Au cours de ces 30 dernières années, le taux de risque de pauvreté a augmenté en Belgique. En 1985, il concernait 11,53% de la population. En 2016, 15,5%. Malgré l’omniprésence de la pauvreté dans les discours politiques. Et les actions publiques ou privées. Le sociologue Daniel Zamora Vargas reconstruit «Une socio-histoire de l’assistance en Belgique, 1895-2015» dans «De l’égalité à la pauvreté», aux éditions de l’Université de Bruxelles. Un prolongement de sa thèse de doctorat à l’Université Libre de Bruxelles (ULB).

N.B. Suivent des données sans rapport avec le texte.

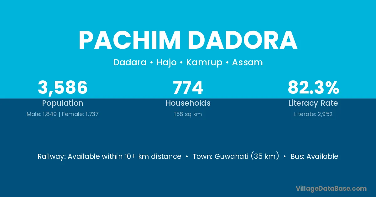 Guwahati (35 km) is the nearest town to Pachim Dadora village for major economic activities and is located approximately 35 km away.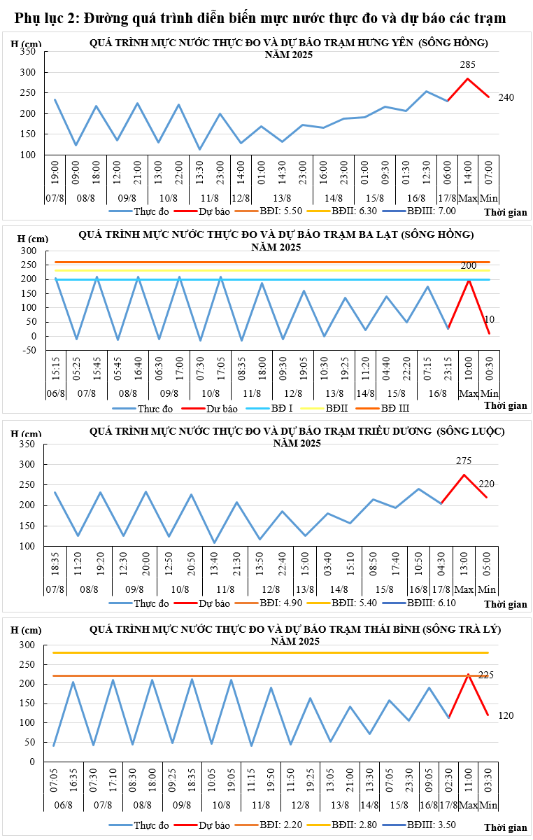 - Mực nước trên các sông Hồng, sông Luộc và sông Trà Lý chịu ảnh hưởng của thủy triều và điều tiết của các hồ thủy điện: Xu thế lên.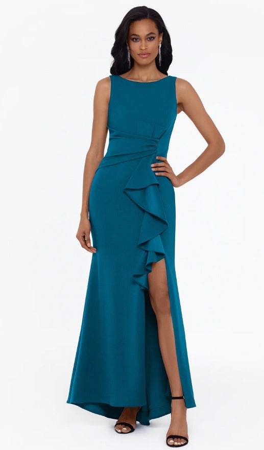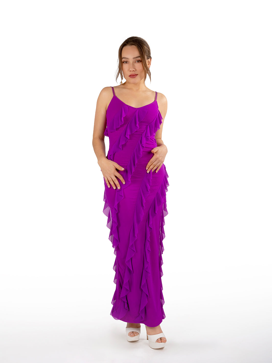 Vestido Morgana color púrpura largo ajustado con olanes y tirantes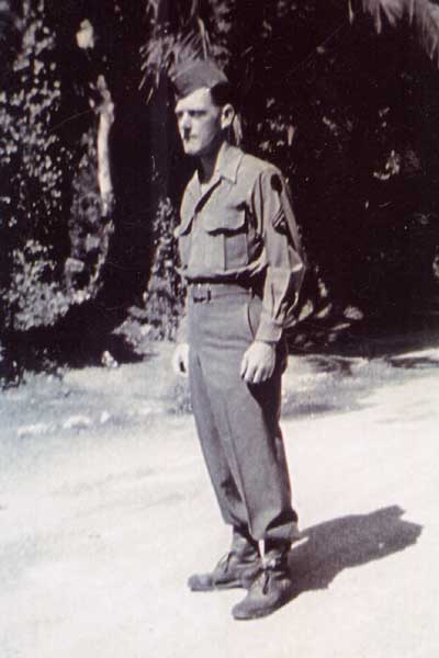 COMBAT IN ITALY WITH HEADQUARTERS COMPANY, 3RD BATTALION, 135TH INFANTRY REGIMENT, 34TH 'RED BULL' INFANTRY DIVISION; NOVEMBER 1943 TO DECEMBER 1945. RECEIVED THE PURPLE HEART WITH OAK LEAF CLUSTER, BRONZE STAR, CASSINO AND ANZIO INCLUDED. COMBAT INFANTRYMAN BADGE.

«Notre approche s’ancre dans une socio-histoire afin de nous aider à reconstruire la genèse et les effets du nouveau gouvernement humanitaire de la pauvreté qui s’est lentement déployé depuis le milieu des années 1970», précise le membre du Germe, le Groupe de recherche sur les relations ethniques, les migrations et l’égalité de l’Institut de sociologie et de la Faculté de philosophie et sciences sociales de l’ULB.
La générosité renforce les inégalités
Le chercheur relève que les millions d’euros récoltés par l’émission Viva for Life de la RTBF contre la pauvreté touchant la petite enfance sont infiniment inférieurs aux importantes réductions des dépenses sociales dans certains secteurs.

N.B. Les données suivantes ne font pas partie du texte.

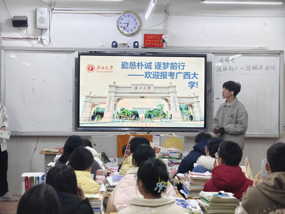 “我为西大打call!”——1月21日,矿物资源工程241班兰世民同学及其组员在广西资源县资源中学进行招生宣传。他们通过视频、图片和文字等形式介绍广西大学办学历史、校园环境、教学设施、师资力量和建设成绩,现场解答母校学弟学妹关于高考复习、志愿填报、西大校园生活等问题,以饱满的热情和专业的态度为学校代言。

«L’expansion du caritatif ou de l’humanitaire est ici le symbole non d’une extension de la solidarité, mais de sa limitation institutionnelle et publique au profit des initiatives privées. Elle s’accompagne souvent, paradoxalement, d’inégalités renforcées. À travers les mesures de l’accord de gouvernement dans les domaines de l’assurance-chômage, de l’index, de la santé ou des pensions, le gouvernement ne peut ignorer qu’il contribuera directement à une augmentation de la pauvreté.»
«En un peu plus d’un siècle, on est passé d’un système touchant jusqu’à 25% de la population et accompagnant une industrialisation particulièrement brutale à un système qui disparaît pour ainsi dire durant les Trente Glorieuses. Avant de se redéployer au tournant des années 1980.»

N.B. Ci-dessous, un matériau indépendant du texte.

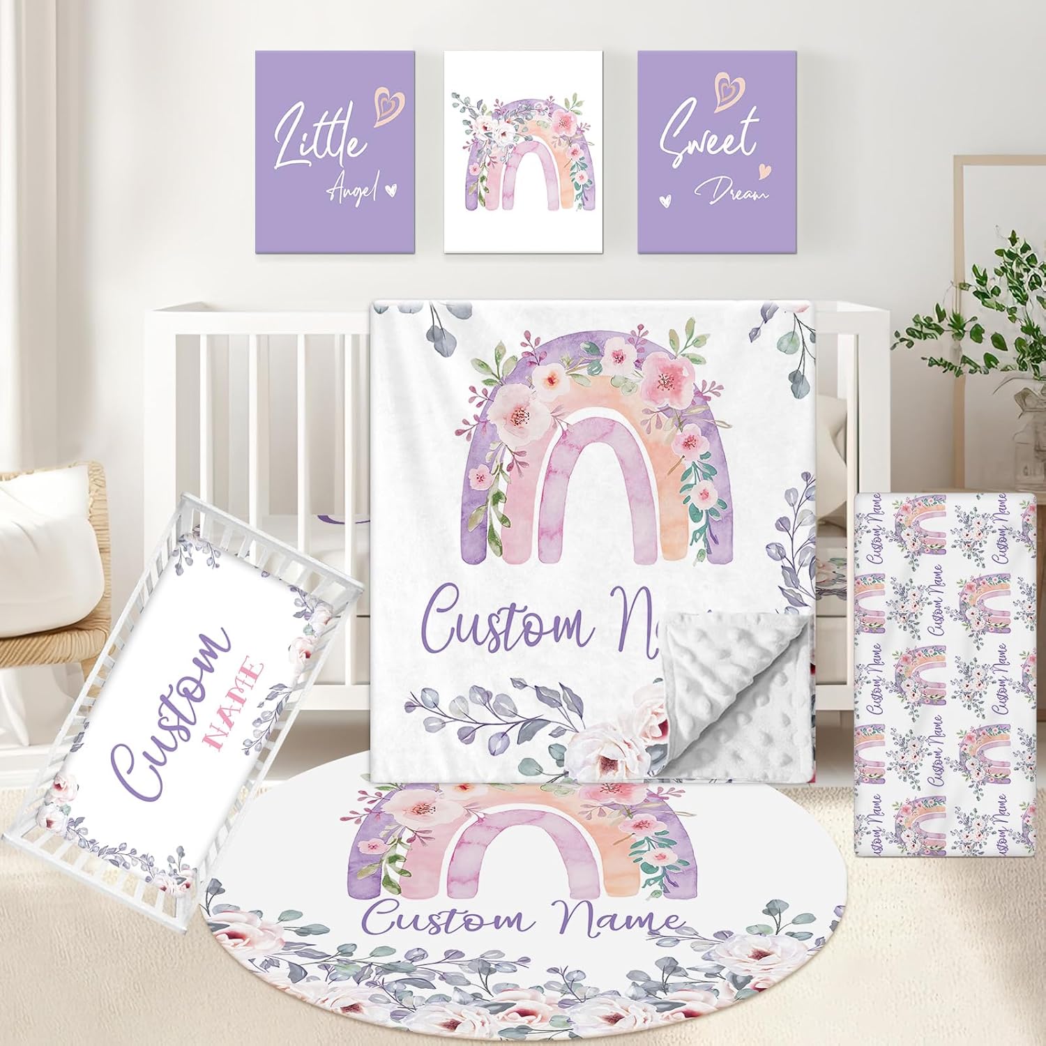 Personalized Baby Bedding Set, 5 Pcs Custom Baby Crib Set with Name, Soft Flannel Rainbow Crib Bedding Set for Girls, Double Layer Nursery Bedding Set, Infant Toddler Bedding Set Parents Gift

Le salariat est déstabilisé
Pour Zamora Vargas, cette évolution se trouve au carrefour de 3 grandes transformations de l’État social. La première concerne les frontières symboliques de l’ordre social qui déterminent les interactions entre les acteurs sociaux. La crise et le tournant des années 1980 déstabilisent l’organisation sociale et symbolique du salariat. Avec une augmentation du chômage. L’apparition de jeunes chômeurs, de sans domicile fixe, d’immigrés sans papiers.
«Les risques de dépendre d’allocations sociales sont désormais répartis de manière très inégale. Et cette inégalité favorise un déplacement de la conflictualité sociale.»
Depuis 1991, la 2e transformation coïncide avec l’effacement progressif des frontières entre l’assistance stabilisée à un niveau proche des allocations minimales. Et l’assurance-chômage qui continue de décliner. La différence entre les deux régimes est de moins en moins évidente du point de vue financier.
«Le chômage et l’assistance se convertissent en dispositifs de surveillance et de mise à l’emploi des inactifs. Cette évolution générale inversera par conséquent le mouvement historique de déclin de l’assistance amorcé depuis la fin du XIXe siècle.»
L’État cède du terrain
Lors de la 3e transformation, l’État cède du terrain au marché. Il ne régule plus l’économie au profit de la collectivité. Il se met au service des marchés. Il favorise l’investissement et les entreprises.
«La pauvreté s’intensifie à mesure que l’assistance s’étend à des catégories toujours plus larges. Le développement des politiques de lutte contre la pauvreté et d’extension de l’assistance n’a donc pas fonctionné comme un remède à une précarité oubliée par la société d’abondance et ses institutions. Mais a finalement accompagné sa généralisation et son extension aux strates inférieures du salariat.»
«Les trente dernières années ont été avec l’objectif de mener une lutte ciblée contre la pauvreté, un long démantèlement de ce projet démocratique», conclut Daniel Zamora Vargas. «Le néolibéralisme, loin d’avoir simplement attaqué les systèmes de protection sociale modernes, a aussi, plus profondément, transformé notre conception de ce qui est juste et de ce que pourrait être une politique sociale efficace. Et en phase avec les réalités économiques. De ce point de vue, plus que jamais, nous nous devons de renouer avec le projet d’émancipation qu’a pu constituer la sécurité sociale durant l’après-guerre.»